No more ice on Kilimanjaro ?

After Thompson et al. 2009, interview to Dr. Thompson mp3

The glacial record in Africa is restricted to the highest peaks of this continent, mainly to mountains of east Africa: Mount Kilimanjaro (5895m), Mount Kenya
(5.199m), the Ruwenzori (5.119m) and on the northern margin of Africa in the High Atlas. Traces of two Pliocene-Pleistocene glaciations have been found on Mt Kilimanjaro, the oldest of which have been dated to about 2.0My (OSMASTON, 2004). Younger, in part uncertain glacier advances are dated to 1,0My, 0,4My and during the last glacial maximum (20.000y). Today three main glaciers persist on the summit of the volcano - the Northern Ice Field (NIF), the Southern Ice Field and the Furtwängler Glacier; some smaller glaciers are distributed on the slope of the mountain. Cores taken from all three glaciers showed that the ice cover on Kilimanjaro persisted for at least 11.700 years.

Isotopic record of oxygen isotopes from the Northern Ice Field (NIF), after THOMPSON et al. 2002

In modern times the dramatic loss of Kilimanjaro´s ice cover has attracted global attention, and has been a symbol for changing climate in Africa in popular media. The glaciers have considerable lost volume and surface, from 12,06 square kilometer in 1912 to 2,6-2,5 square kilometer in 2000. In the last 7 years ulterior 26% of this remaining ice are gone, leaving 1,85 square kilometer back. But not only the ice covered surface - easy to observe by aerial photographs - diminishes, but more important the glaciers are rapidly thinning, up to 0,5m thickness loss per year. This glacier mass lost is harder to determinate (mostly by measuring with stakes you got only punctual data) but crucial to understand the glacier balance.
If this melting rate persists, until 2022-2033 there will no more glacier ice left on the summit.

The widespread retreat of glaciers in Africa suggests a common driver, and not only local factors like deforestation, land use or humidity change on the slopes of Mount Kilimanjaro. The long record that this ice fields provided, demonstrate that for more then 11.000 years ice persisted without essential melting or mass lost, even during the end of the humid phase in Africa and change to more drier climate and subsequent droughts (p.e. 4.200 years ago). This seems to minimize the influence of changing precipitation on the glacier mass balance, and emphasizes changing in the temperature regime on the summit of the mountain.
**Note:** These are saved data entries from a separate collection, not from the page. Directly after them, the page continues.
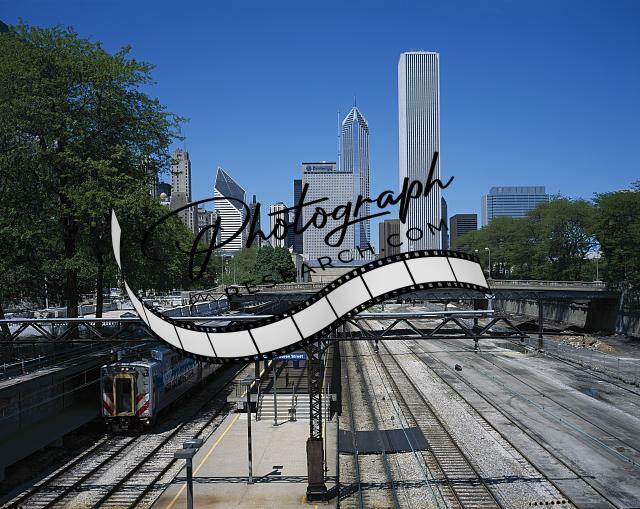 Train comes into Metra Station,Chicago,Illinois,IL,Cityscape,Skyscrapers,America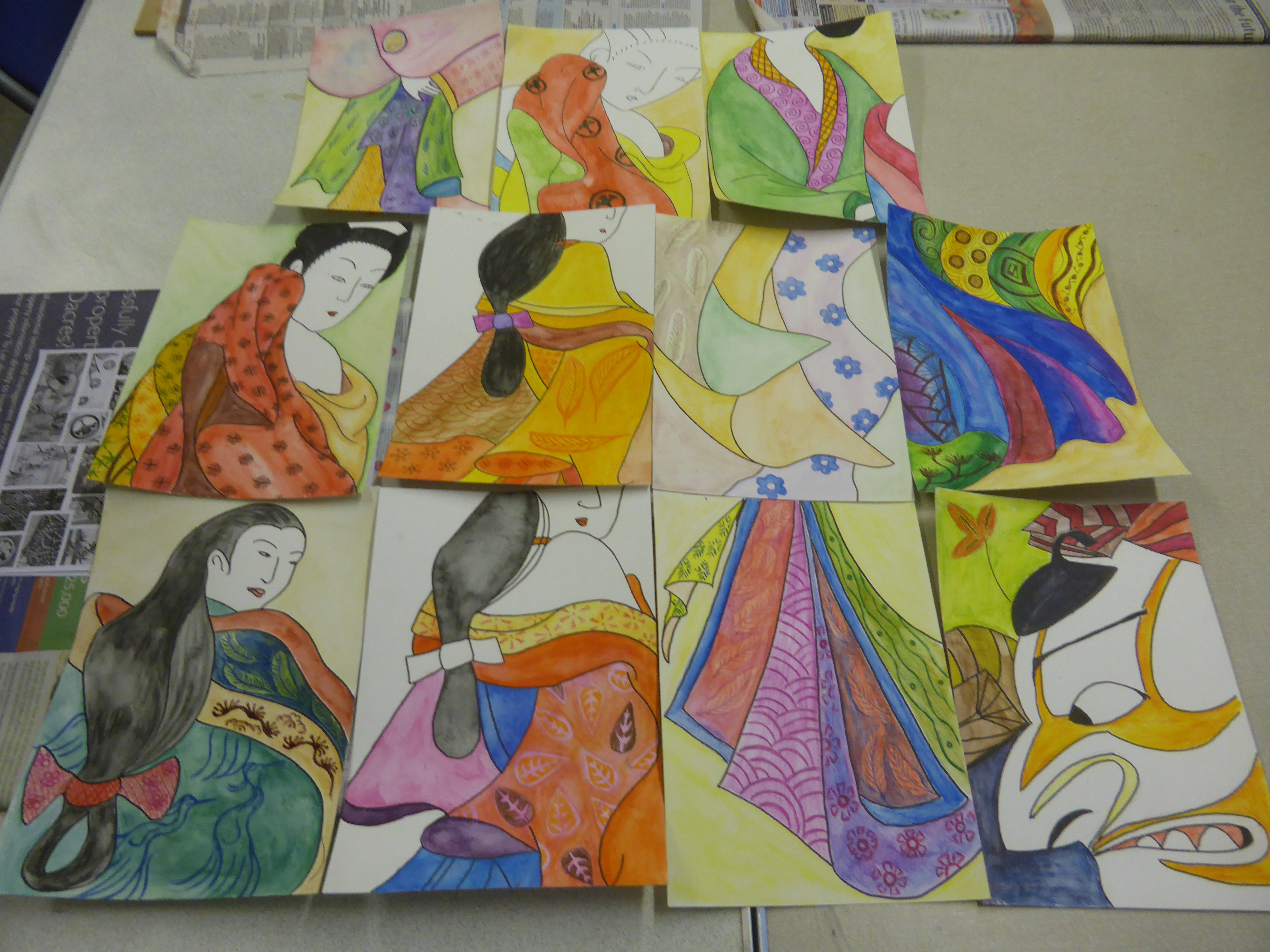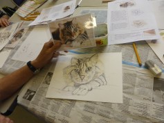 Week 6 brought even more fabulous creations. The Drawing course tackled how to draw water and glass with all the crazy optical illusions that involves and they made a really good job of it. “Cats” was the theme for this weeks Animal course along with pen and cross hatching techniques. The Pattern course looked at Japanese prints and used a layering technique with watercolour pencils to create patterns. The Watercolour course did some practise sketches of the human figure to limber up for next weeks lesson when we will have a life model to work from.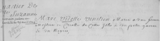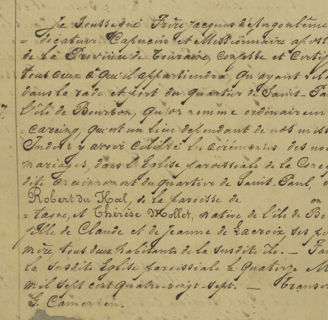 Du Hal Robert et Mollet Thérèse. 14 mars 1687. N°_3 — Je soussigné Frère Jacques d’Angoulême, Prédicateur Capucin et Missionnaire apostolique, de la Province de Touraine, confesse et certifie à tous ceux à qui il appartiendra, qu’ayant relâché dans la rade et port du quartier de Saint-Paul, dans l’île de Bourbon, qu’on nomme ordinairement Mascareing, qu’est un lieu dépendant de nos missions des Indes, y avoir célébré les cérémonies des noces et mariages, dans l’Eglise paroissiale de la Conception, dite anciennement du quartier de Saint-Paul, entre Robert du Hal, de la paroisse de [un blanc] en Bretagne, et Thérèse Mollet, native de l’île de Bourbon, fille de Claude et de Jeanne de Lacroix, ses père et mère, tous deux habitants de la susdite île — Fait dans la susdite Église paroissiale le quatorze mars mil sept cent quatre-vingt-sept — Transcrit par G. Camenhen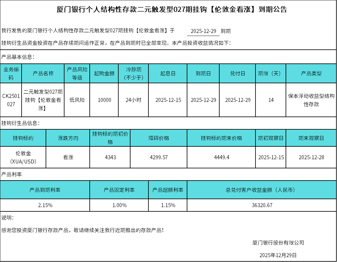 廈門銀行個人結(jié)構(gòu)性存款二元觸發(fā)型027期掛鉤【倫敦金看漲】到期公告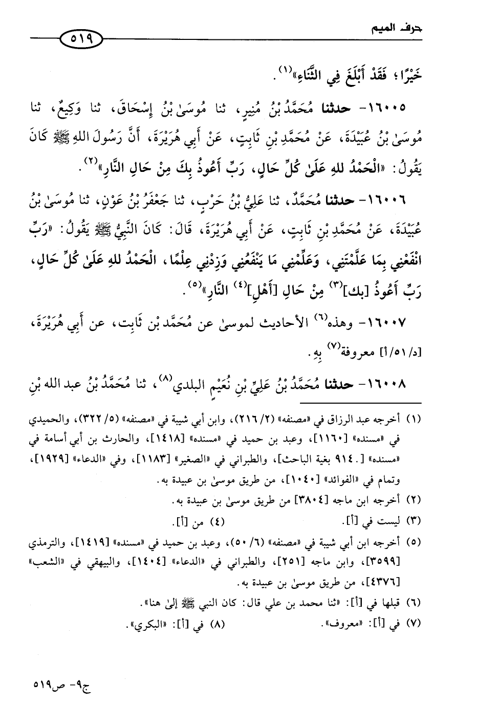 16005 - حَدثنا مُحمد بن منير، حَدثنا موسى بن إسحاق، حَدثنا وكيع، حَدثنا موسى بن عبيدة، عن مُحمد بن ثابت، عن أبي هريرة؛ أن رسول الله صَلى الله عَليه وسَلم كان يقول: الحمد لله على كل حال، رب أعوذ بك من حال النار.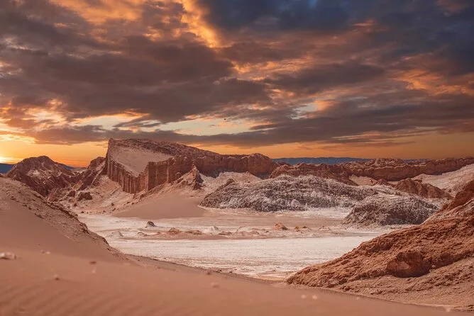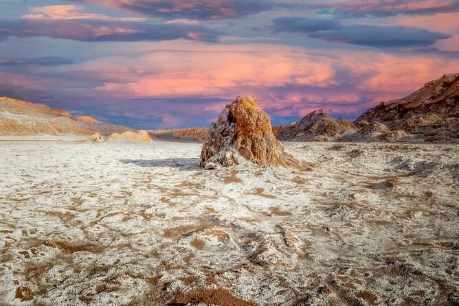 Você vai caminhar pelas cristas salgadas do Vale da Lua enquanto o pôr do sol pinta os vulcões distantes, flutuar leve nas águas salgadas da Lagoa Cejar, observar galáxias com um astrônomo especialista sob o céu famoso do Atacama e provar sabores locais entre as cores surreais de Piedras Rojas — tudo com traslado incluso para você aproveitar cada momento.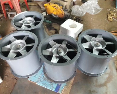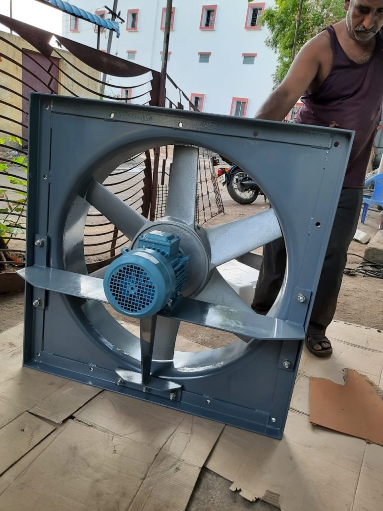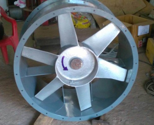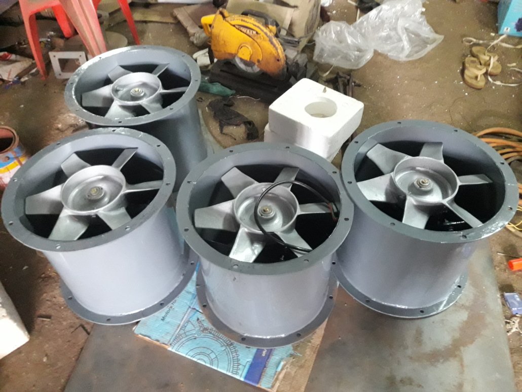 Pioneers in the industry, we offer Tubular Axial Fan, Tube Axial Fan, AC Axial Fan, Compact Axial Fan, Wall Axial Fan, and Wall Mounted Fresh Air Inline Fan from India. Axial fans discharge air parallel to the impeller’s axis and are preferred for high-volume, low-pressure applications. We manufacture axial fans with capacities ranging from 0.25 HP to 20 HP. Various types of axial fans, including tubular axial fans and wall-mounted axial fans, are available.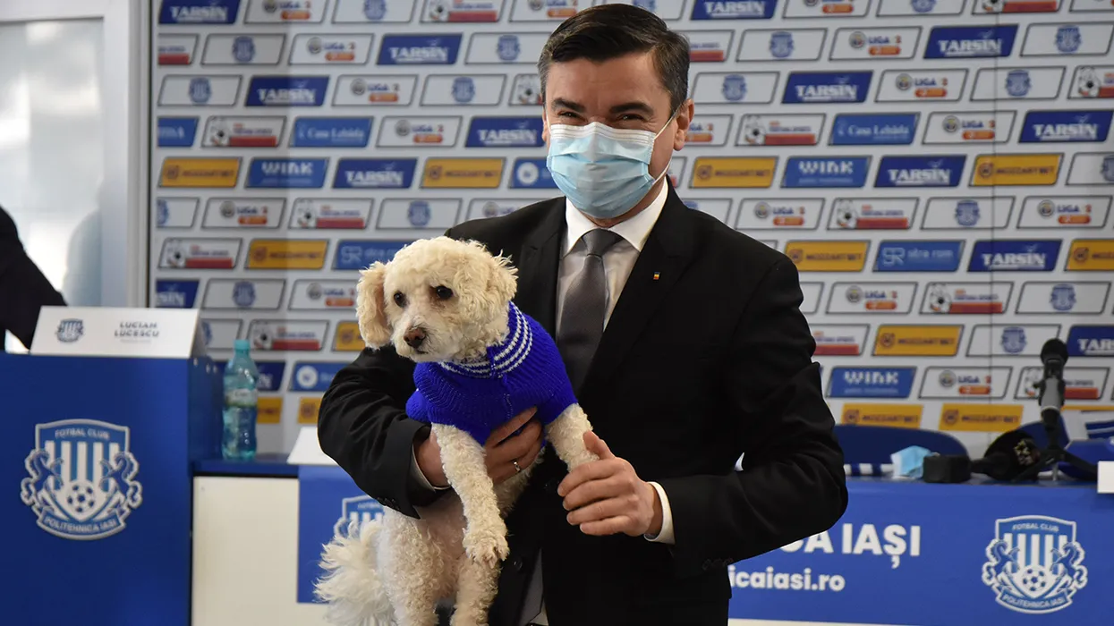 Primarul Mihai Chirica tine in brate un caine in timpul primei conferinte de presa a anului, conferinta sustinuta de conducerea clubului de fotbal Politehnica Iasi, miercuri, 12 ianuarie 2022. DRAGOS PASCANEANU / MEDIAFAX FOTO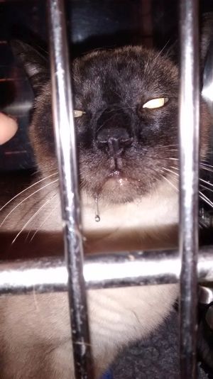 Lo malo…es que le hemos tenido que ingresar de urgencia por que nos lo encontramos tiradito y con vómitos y el arenero inundado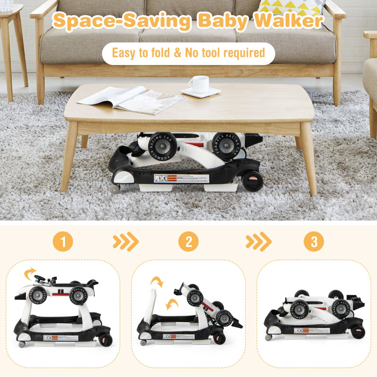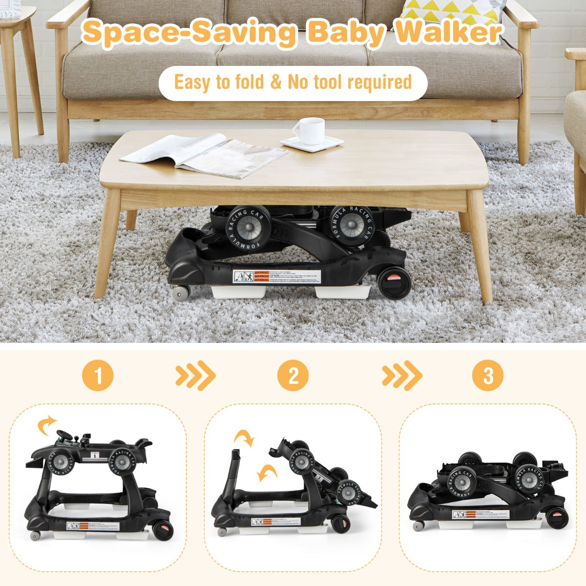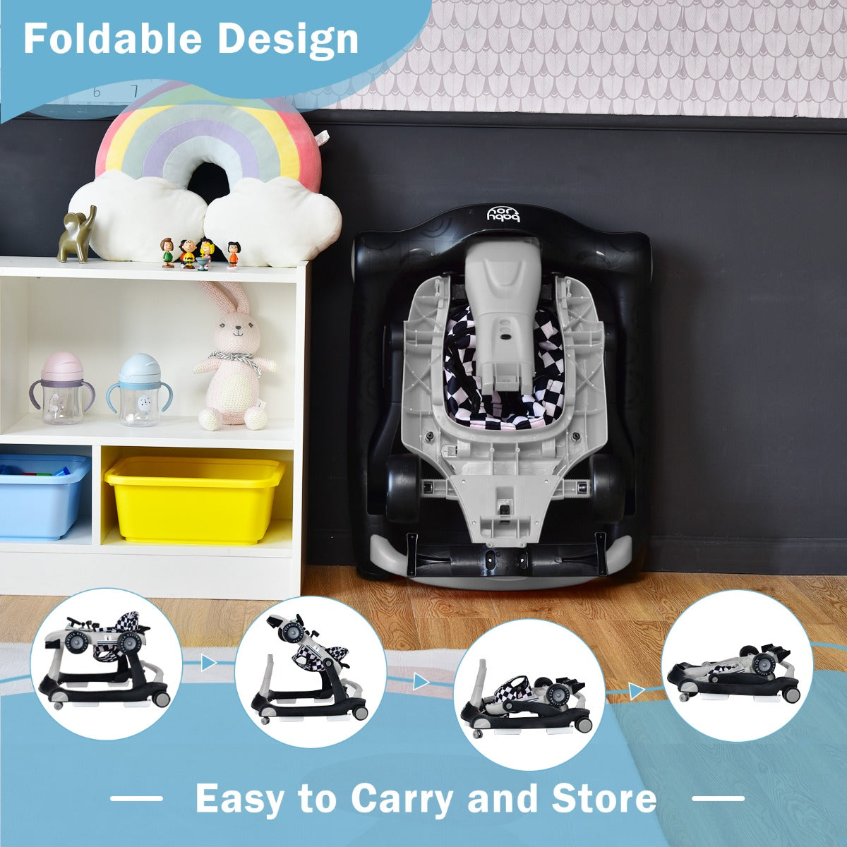 Designed for Space-saving: With the foldable design, this activity walker is convenient to store against the wall or under the bed/sofa to save your home space when out of use. In addition, the installation is easy with detailed and easy-to-understand instruction.
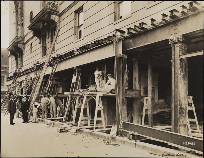 108th Street at the S.W. corner of Broadway. General exterior [shops include a funeral parlor, a laundry, Colonial Restaurant and Lunch, and a tailor.]

EHLERS, J. & GIBBARD, P.L. (2007): Glaciations. In (ed): ELIAS, S.A. (2006): Encyclopedia of Quaternary Science. Elsevier : 290-300

OSMASTON, H. (2004). Quaternary glaciations in the East African mountains. In J. Ehlers and P. L. Gibbard (eds): QuaternaryGlaciations - Extent and Chronology, Part III: South America, Asia, Africa, Australasia, Antarctica: 139-150.

THOMPSON, L.G. et al. (2009): Glacier loss on Kilimanjaro continues unabated. Proceedings of the National Academy of Sciences.